§ **Dataset content**
[Start of Attachment]
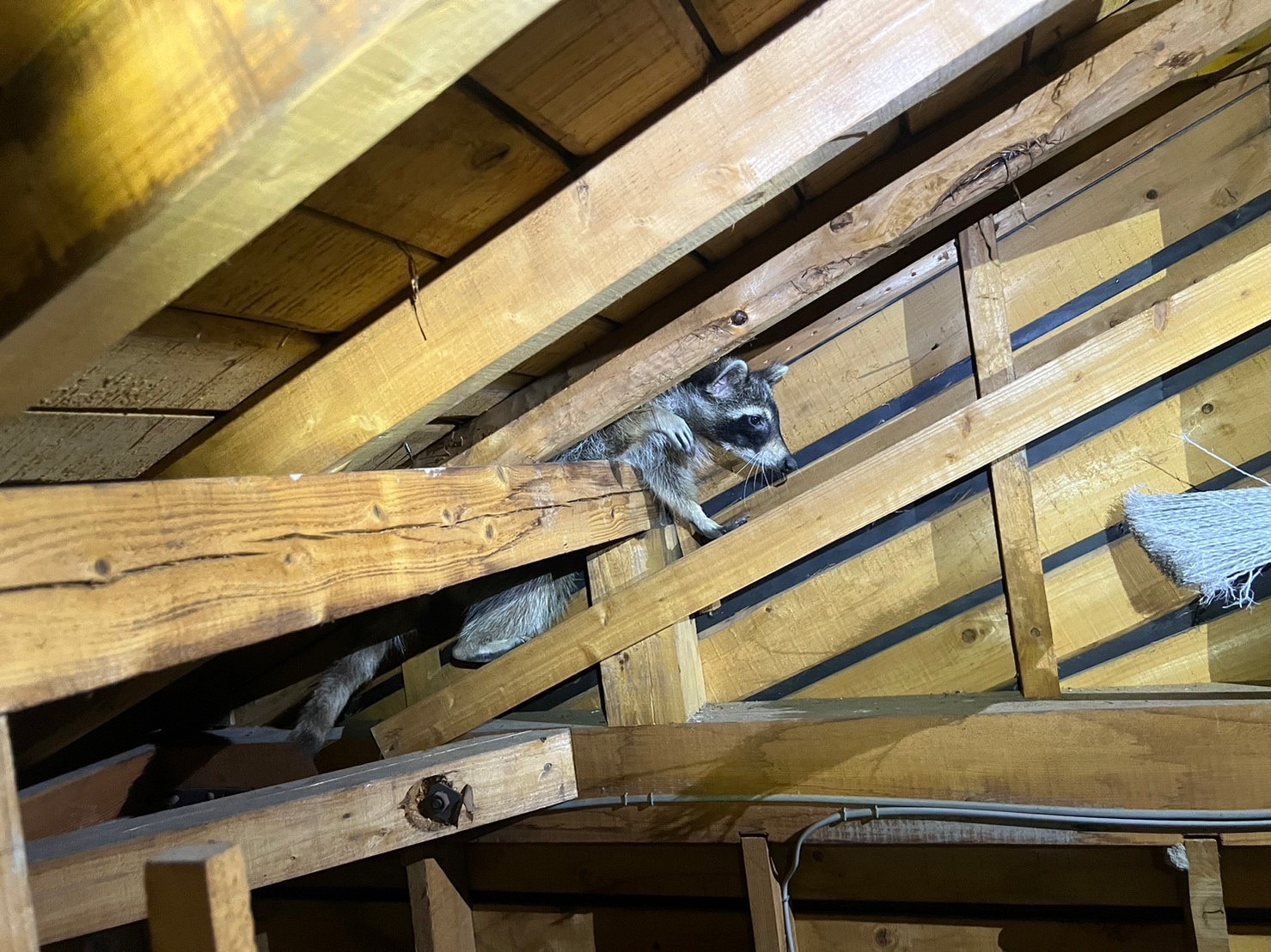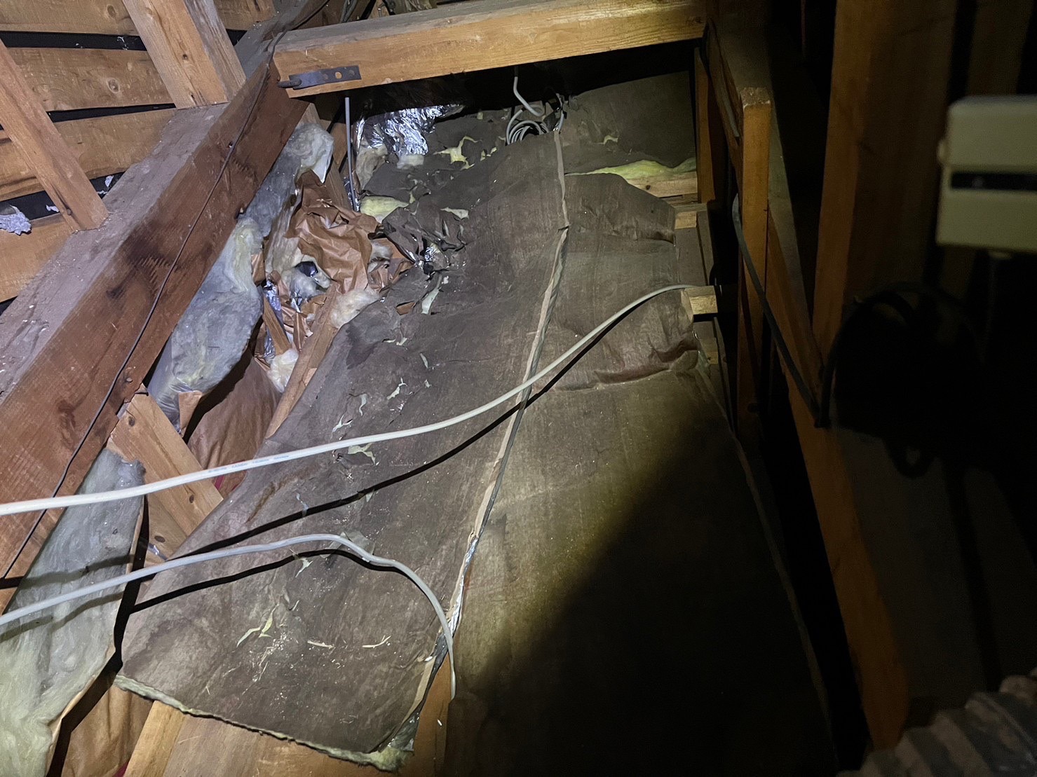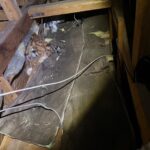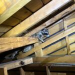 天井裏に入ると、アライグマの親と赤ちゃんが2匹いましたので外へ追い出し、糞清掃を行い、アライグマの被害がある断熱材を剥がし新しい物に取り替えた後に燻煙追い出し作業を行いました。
[End of Attachment]
[Start of Attachment]
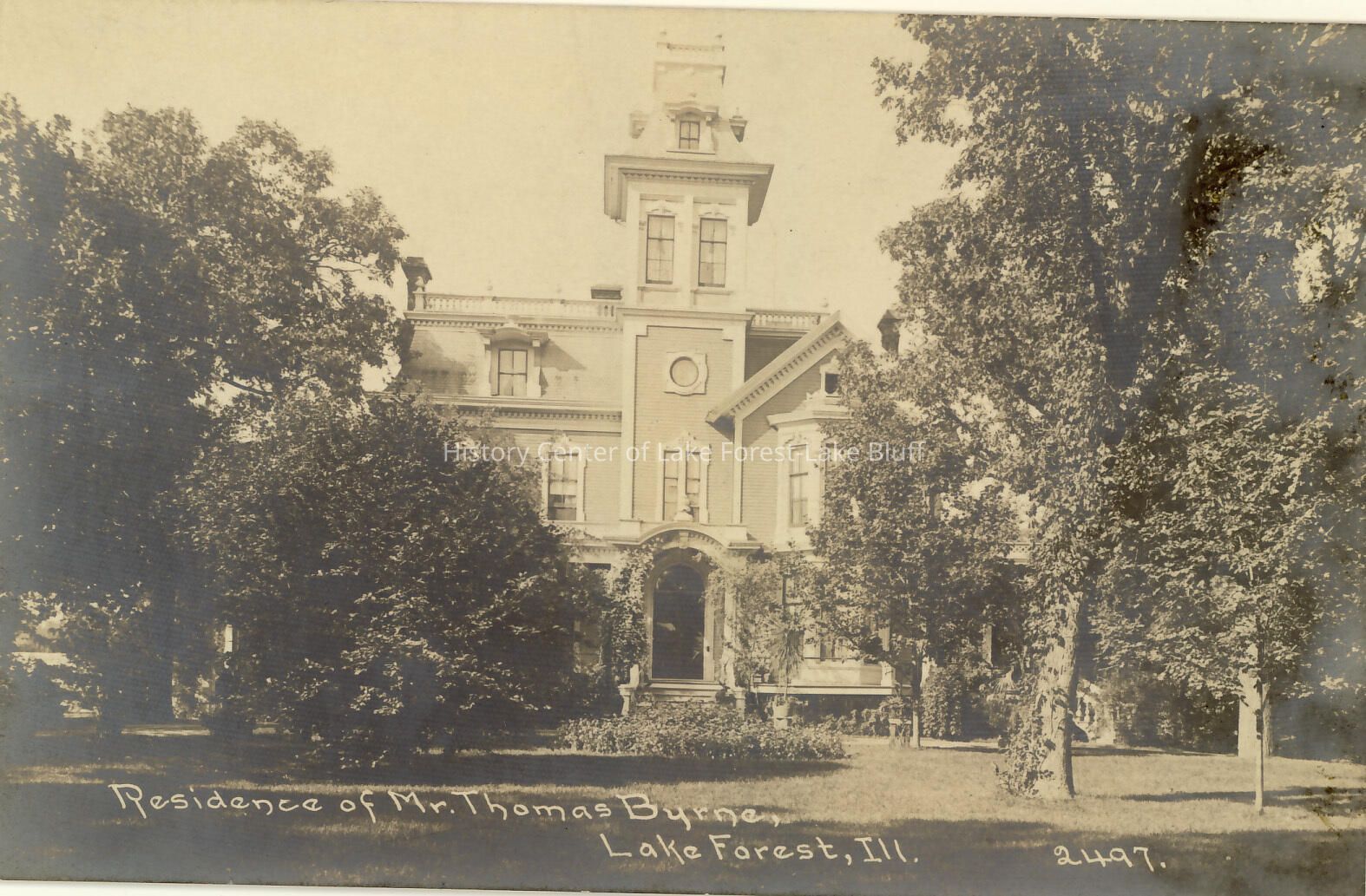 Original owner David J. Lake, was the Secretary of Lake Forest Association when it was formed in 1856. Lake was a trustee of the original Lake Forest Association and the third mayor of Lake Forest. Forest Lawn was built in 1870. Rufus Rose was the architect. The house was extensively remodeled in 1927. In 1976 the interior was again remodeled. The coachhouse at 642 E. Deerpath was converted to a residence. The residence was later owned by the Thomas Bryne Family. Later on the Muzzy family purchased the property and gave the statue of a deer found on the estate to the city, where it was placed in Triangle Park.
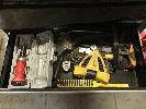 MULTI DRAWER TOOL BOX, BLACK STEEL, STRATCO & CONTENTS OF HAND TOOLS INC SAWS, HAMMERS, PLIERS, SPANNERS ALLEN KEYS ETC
[End of Attachment]
[Start of Attachment]
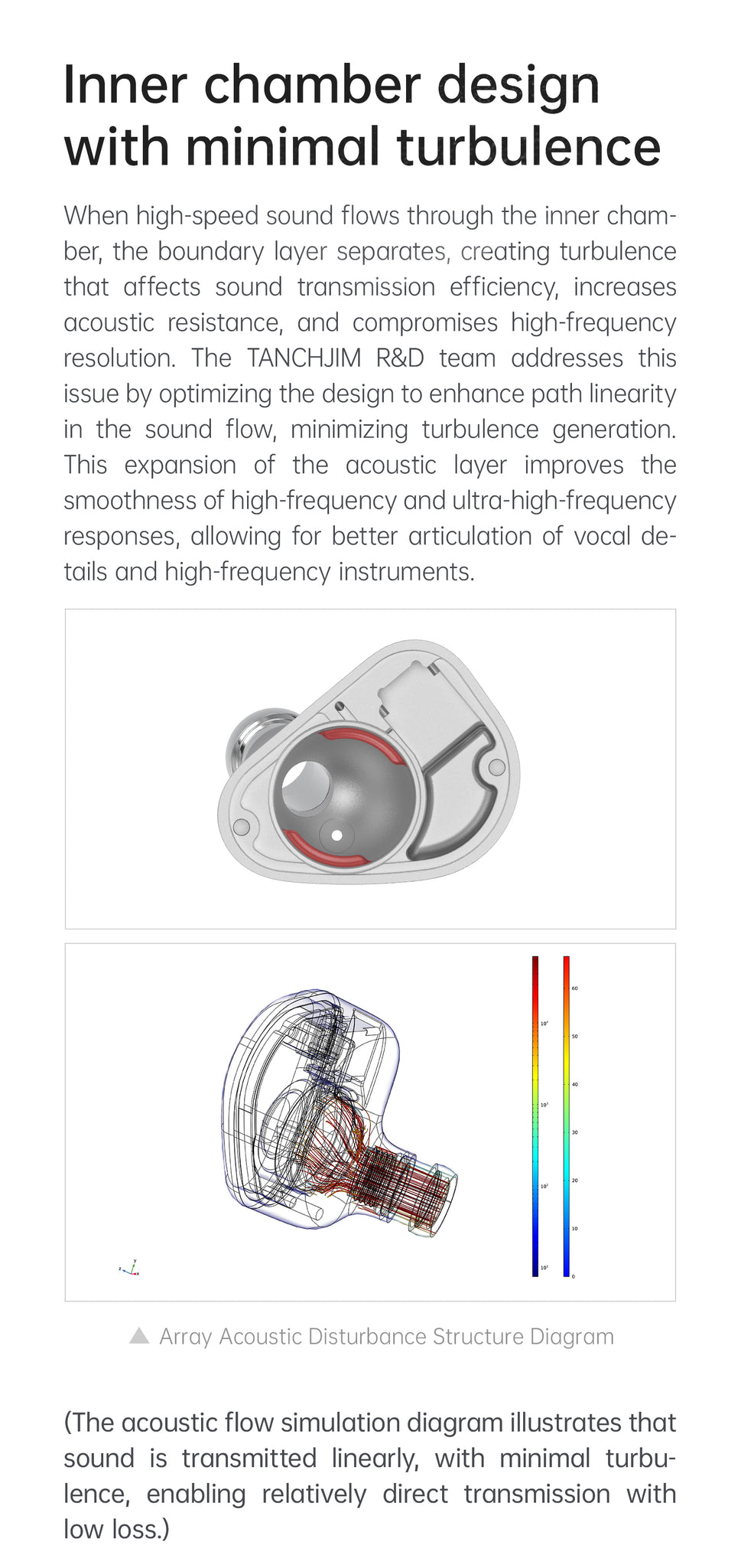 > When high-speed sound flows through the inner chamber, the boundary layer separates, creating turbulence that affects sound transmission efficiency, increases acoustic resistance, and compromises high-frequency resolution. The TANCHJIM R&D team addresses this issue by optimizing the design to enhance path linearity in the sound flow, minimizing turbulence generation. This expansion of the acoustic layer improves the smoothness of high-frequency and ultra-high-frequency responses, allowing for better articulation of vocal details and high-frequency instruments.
[End of Attachment]
§ **Assignment**
A clean copy is needed of the lines above from the one with "Original owner David" up to and including the one with "MULTI DRAWER TOOL". Please set it down exactly, with no pictures.

§ **The completed task**
 Original owner David J. Lake, was the Secretary of Lake Forest Association when it was formed in 1856. Lake was a trustee of the original Lake Forest Association and the third mayor of Lake Forest. Forest Lawn was built in 1870. Rufus Rose was the architect. The house was extensively remodeled in 1927. In 1976 the interior was again remodeled. The coachhouse at 642 E. Deerpath was converted to a residence. The residence was later owned by the Thomas Bryne Family. Later on the Muzzy family purchased the property and gave the statue of a deer found on the estate to the city, where it was placed in Triangle Park.
 MULTI DRAWER TOOL BOX, BLACK STEEL, STRATCO & CONTENTS OF HAND TOOLS INC SAWS, HAMMERS, PLIERS, SPANNERS ALLEN KEYS ETC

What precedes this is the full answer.